Step 1: Isolate the variable $z$ in all equations.

• For the first equation, add $2x-3y$ to both sides: $4z=5+2x-3y$.

• For the second equation, subtract $6x+7y$ from both sides: $z=9-6x-7y$.

• For the third equation, subtract $3x+7y$ from both sides: $z=-9-3x-7y$.

Step 2: Express $z$ from the second equation and substitute in the others.

• From the second equation, we have $z=9-6x-7y$.

• Substitute $z$ in the first equation: $-2x+3y+4(9-6x-7y)=5$.

• Substitute $z$ in the third equation: $3x+7y+(9-6x-7y)=-9$.

Step 3: Simplify the equations after substitution.

• Expand and simplify the first equation: $-2x+3y+36-24x-28y=5$.

• Combine like terms: $-26x-25y+36=5$.

• Simplify the third equation: $3x+7y+9-6x-7y=-9$.

• Combine like terms: $-3x+9=-9$.

Step 4: Solve the simplified equations for $x$ and $y$.

• Solve for $x$: $-3x+9=-9$ implies $-3x=-18$, so $x=6$.

• Substitute $x=6$ into the first simplified equation and solve for $y$: $-26(6)-25y+36=5$ implies $-25y-120=5$, so $y=-5$.
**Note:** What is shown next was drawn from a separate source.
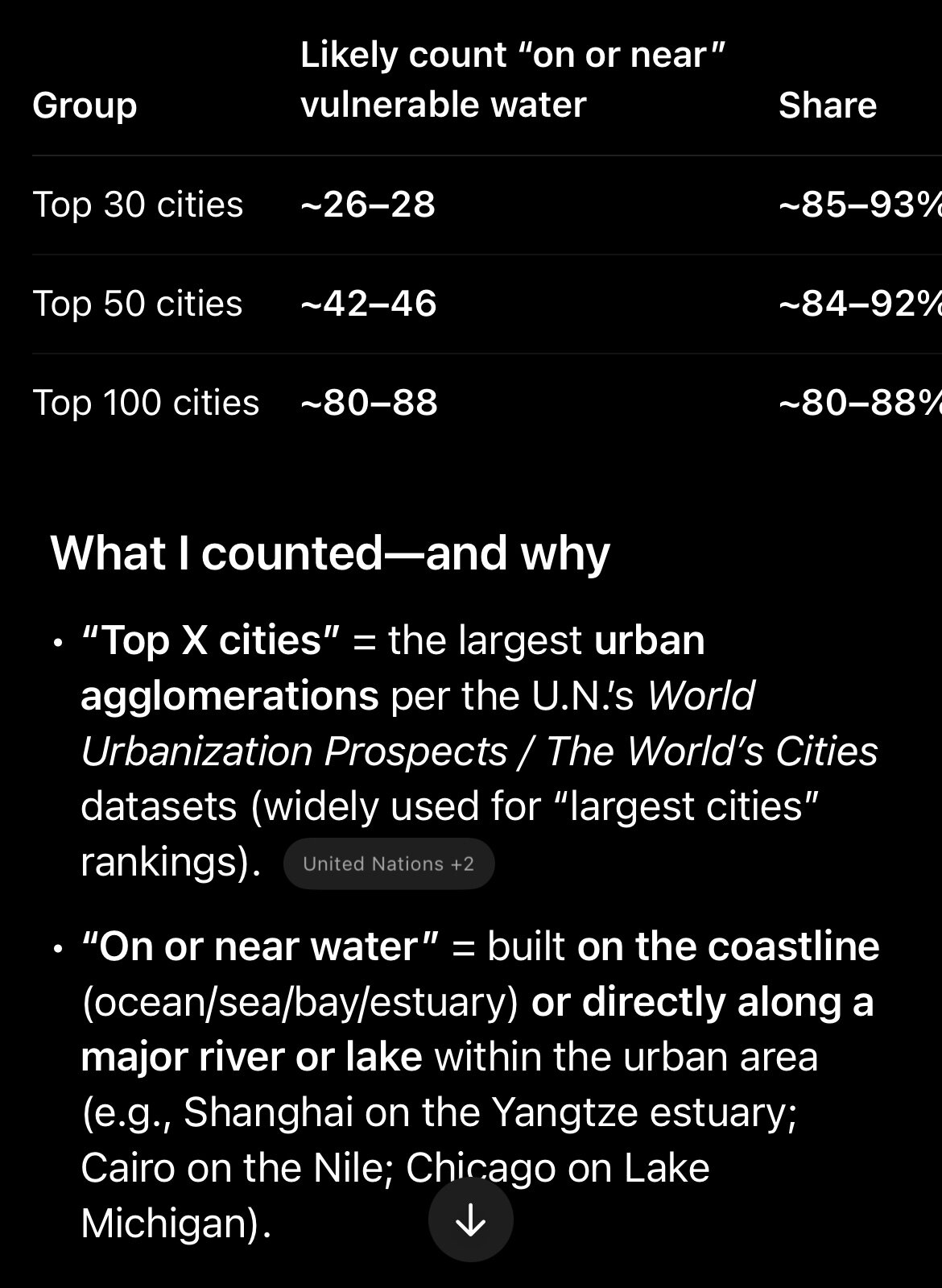 i decided to do the meta thing and used AI to see how many of the world’s major cities project to be seriously affected by climate change in the coming decades.

Step 5: Substitute $x$ and $y$ back into the equation for $z$.

• Substitute $x=6$ and $y=-5$ into $z=9-6x-7y$: $z=9-6(6)-7(-5)$.

• Simplify to find $z$: $z=9-36+35$, so $z=8$.

Step 6: Write the solution as an ordered triple.

• The solution is $(6,-5,8)$.

Step 7: Present the solution in different forms.

• Point form: $(6,-5,8)$.

• Equation form: $x=6,y=-5,z=8$.

Solution:"The system of equations has a unique solution: $(6,-5,8)$."

Knowledge Notes:

• A system of linear equations can be solved by isolating one variable and substituting it into the other equations.

• The distributive property is used to expand expressions like $a(b+c)$ into $ab+ac$.

• Combining like terms involves adding or subtracting coefficients of the same variable.

• To solve for a variable, you can use inverse operations such as addition/subtraction or multiplication/division to isolate the variable on one side of the equation.

• An ordered triple $(x,y,z)$ represents the solution to a system of three equations in three variables.

• The solution to a system of equations can be expressed in point form, which represents a point in three-dimensional space, or in equation form, which lists the values of each variable.